## Your assignment
Exactly as they appear, transcribe the entries and skip any pictures.

## Source material
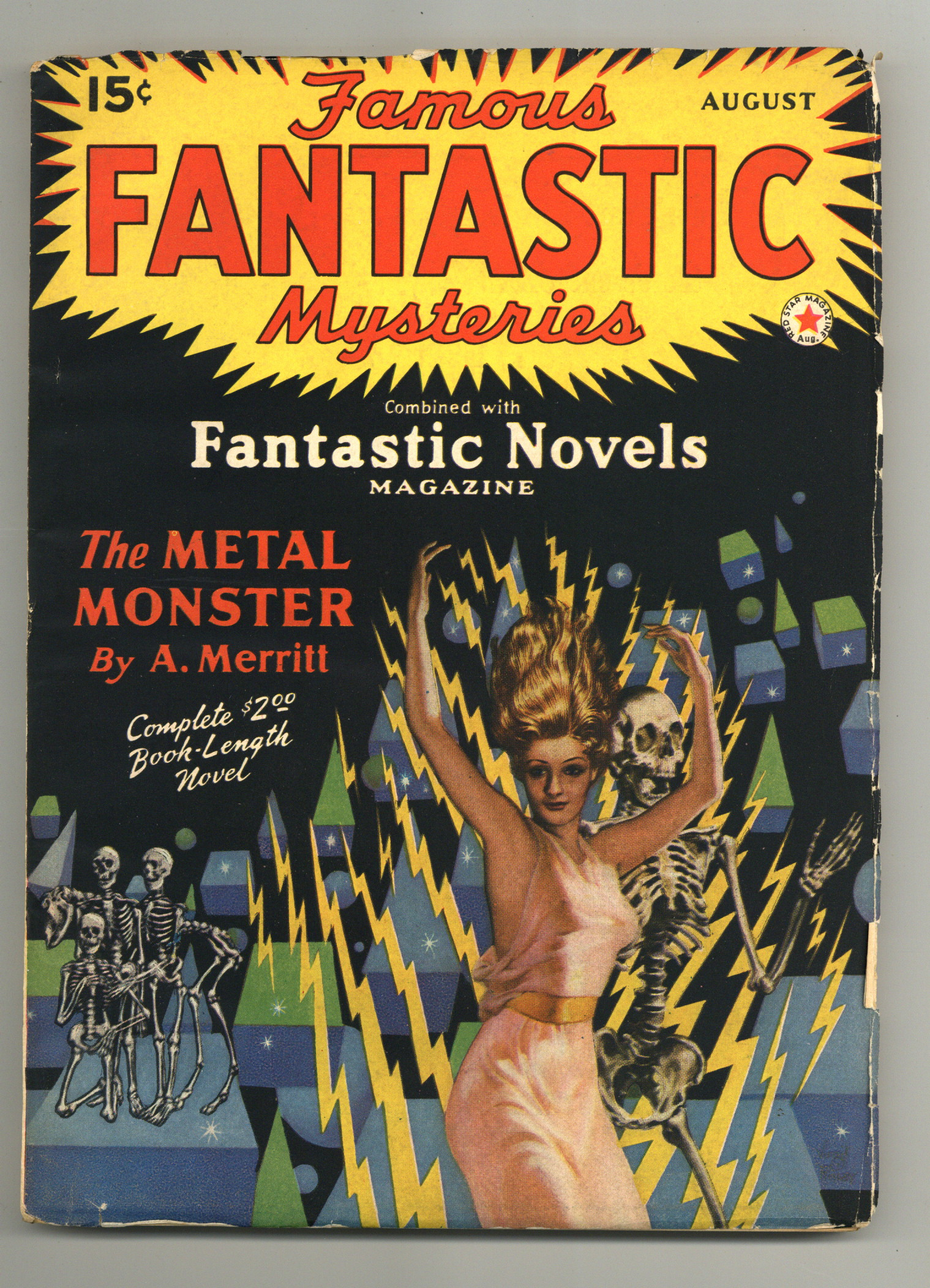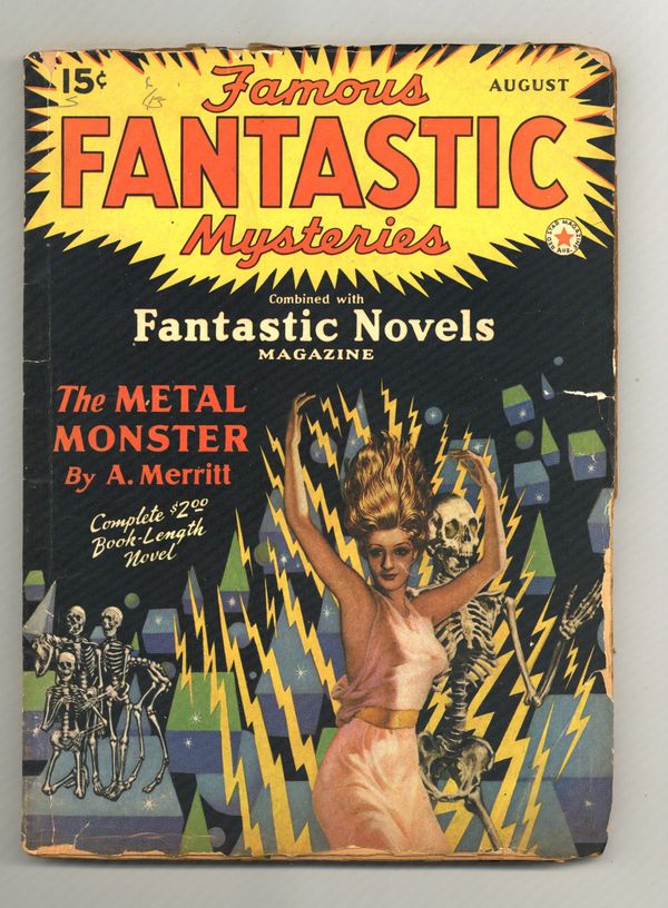 Volume 111, Issue 3 - August, 1942. "Metal Monster" by A. Merritt, and "Afraid of his Shadow" Dorothy Donnell Calhoun. Softcover Pulp, 6 1/2-in x 9 1/2, 128 Pages, B&W. Published by Frank A. Munsey Cover price $0.15.
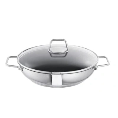 Energy-saving ecotherm aluminium encapsulated bottom High quality stainless steel, mirror polished Siegutal Plus non-stick coating, particularly resistant to scratches and abrasion, excellent non-stick effect Shatterproof and heat-resistant glass lid Suitable for all hobs including induction and glass ceramic hobs
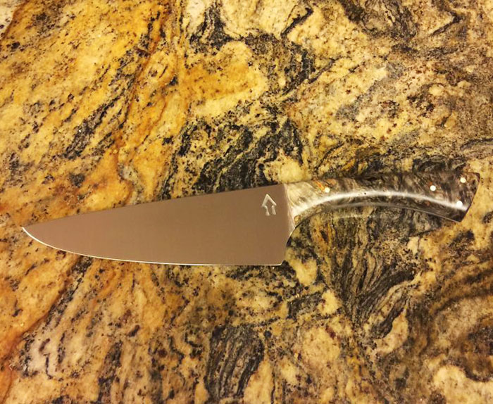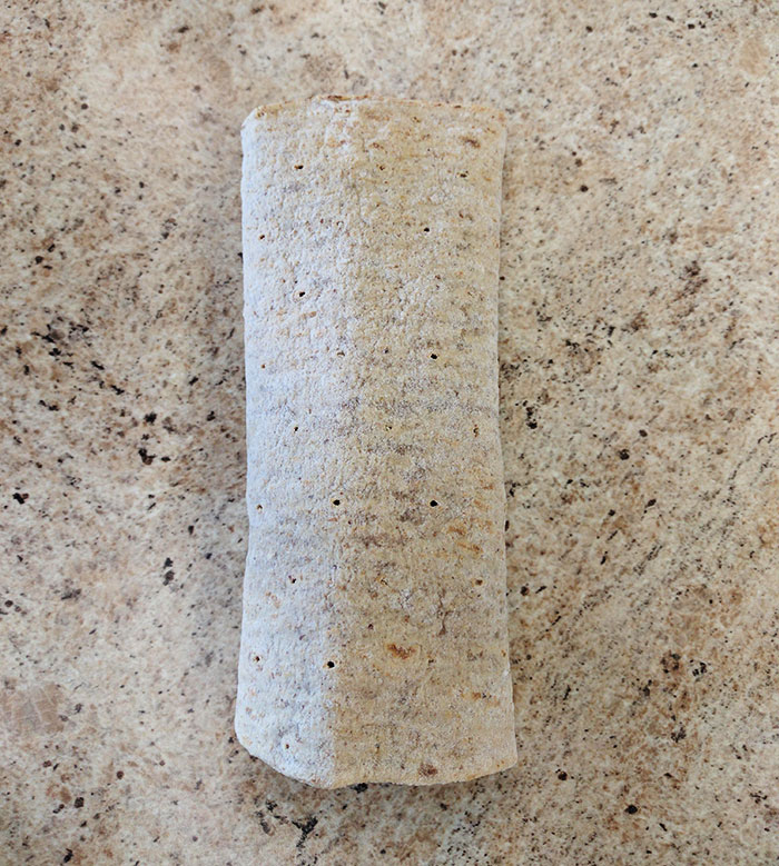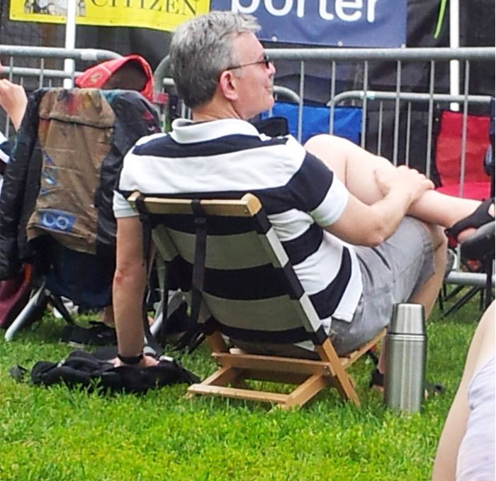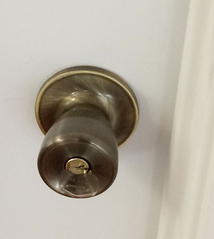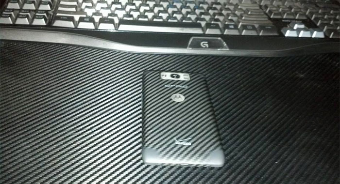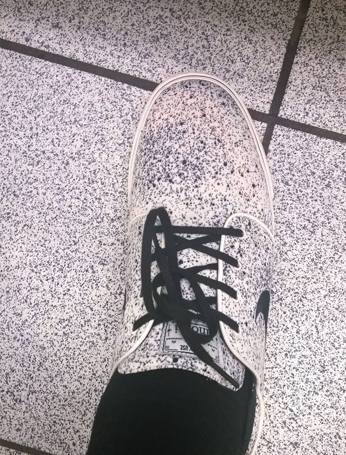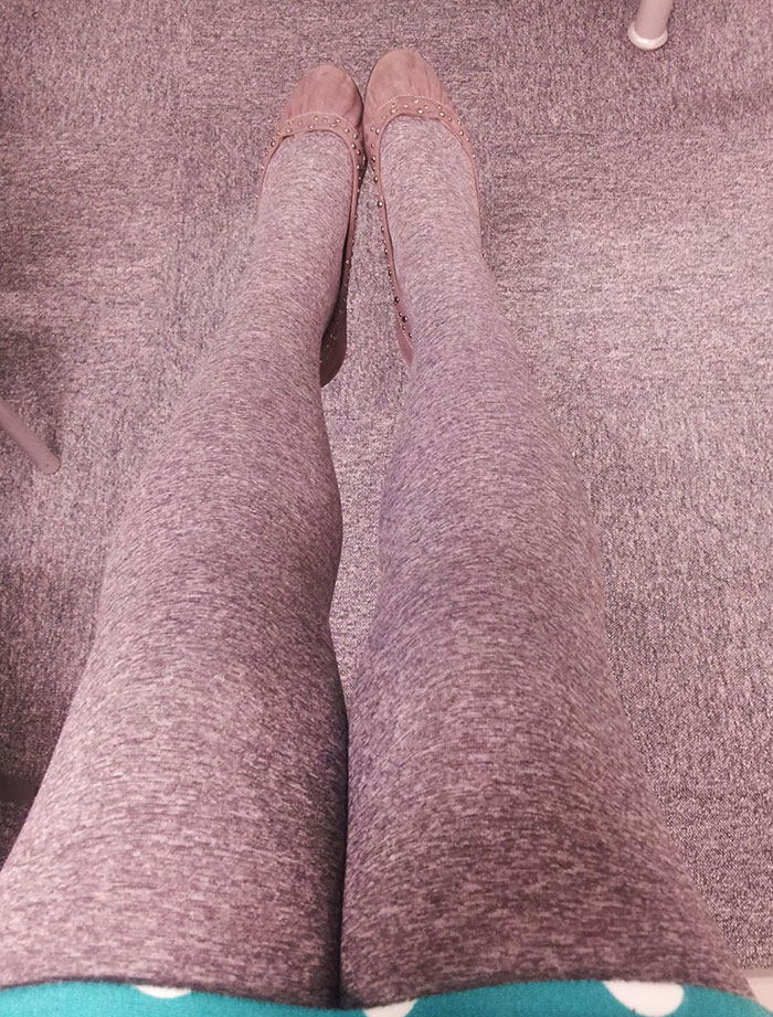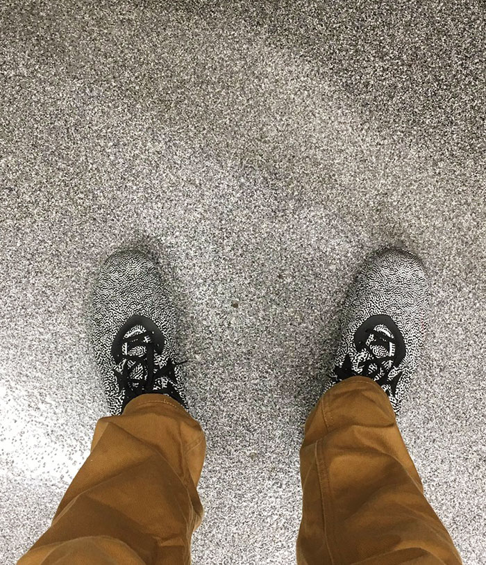It's beside the right leg: the floral motif on the black border differs from the 3 white flowers on the cell phone's case.
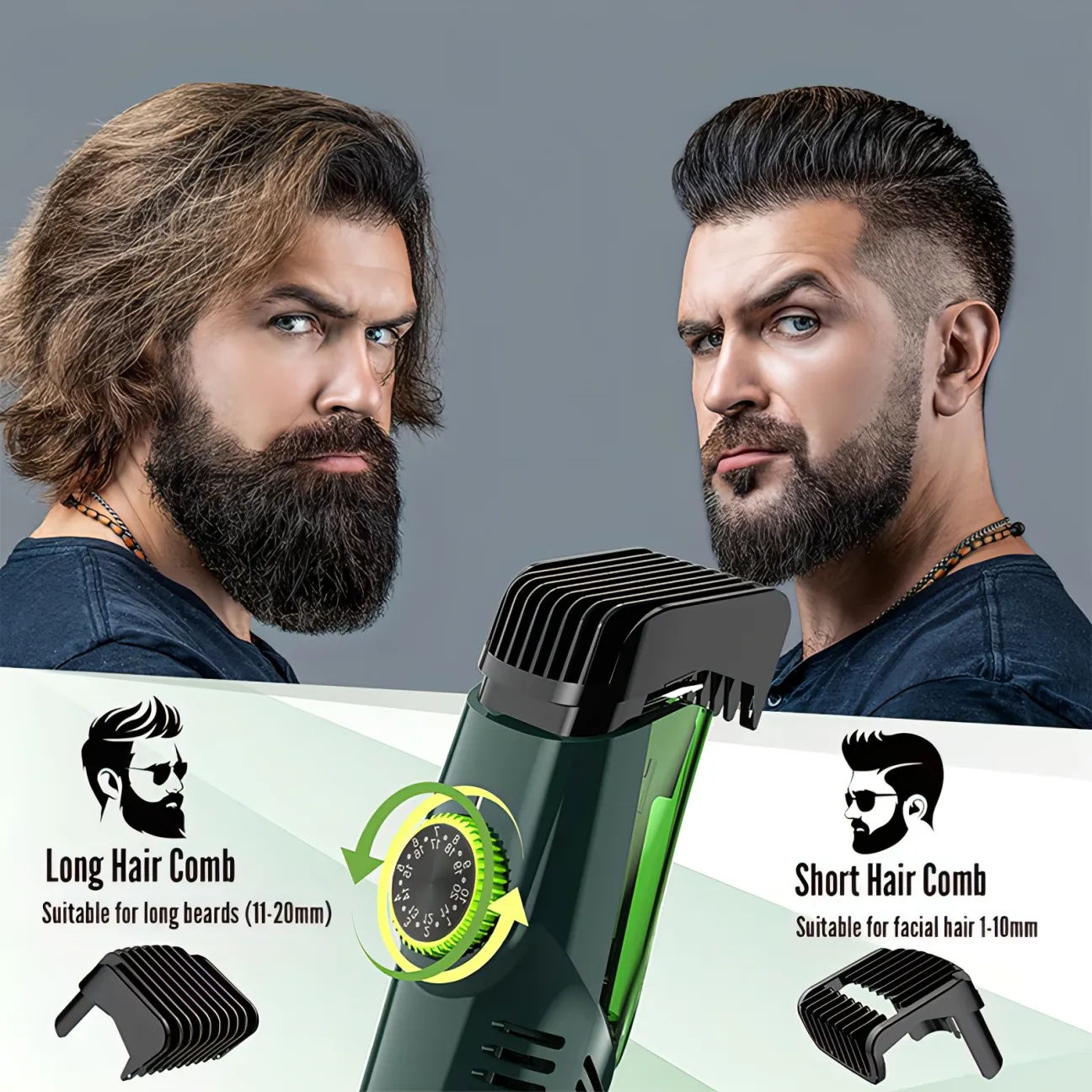 Comes with multiple adjustable limit combs, suitable for trimming beards of various lengths, ensuring precise control for achieving the desired look effortlessly.
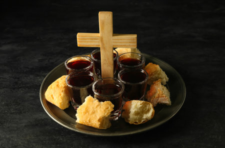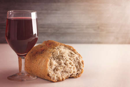 Concept of Eucharist or holy communion of Christianity. Eucharist is sacrament instituted by Jesus. during last supper with disciples. Bread and wine is body and blood of Jesus Christ of Christians.

## Solution below
 Volume 111, Issue 3 - August, 1942. "Metal Monster" by A. Merritt, and "Afraid of his Shadow" Dorothy Donnell Calhoun. Softcover Pulp, 6 1/2-in x 9 1/2, 128 Pages, B&W. Published by Frank A. Munsey Cover price $0.15.
 Energy-saving ecotherm aluminium encapsulated bottom High quality stainless steel, mirror polished Siegutal Plus non-stick coating, particularly resistant to scratches and abrasion, excellent non-stick effect Shatterproof and heat-resistant glass lid Suitable for all hobs including induction and glass ceramic hobs
It's beside the right leg: the floral motif on the black border differs from the 3 white flowers on the cell phone's case.
 Comes with multiple adjustable limit combs, suitable for trimming beards of various lengths, ensuring precise control for achieving the desired look effortlessly.
 Concept of Eucharist or holy communion of Christianity. Eucharist is sacrament instituted by Jesus. during last supper with disciples. Bread and wine is body and blood of Jesus Christ of Christians.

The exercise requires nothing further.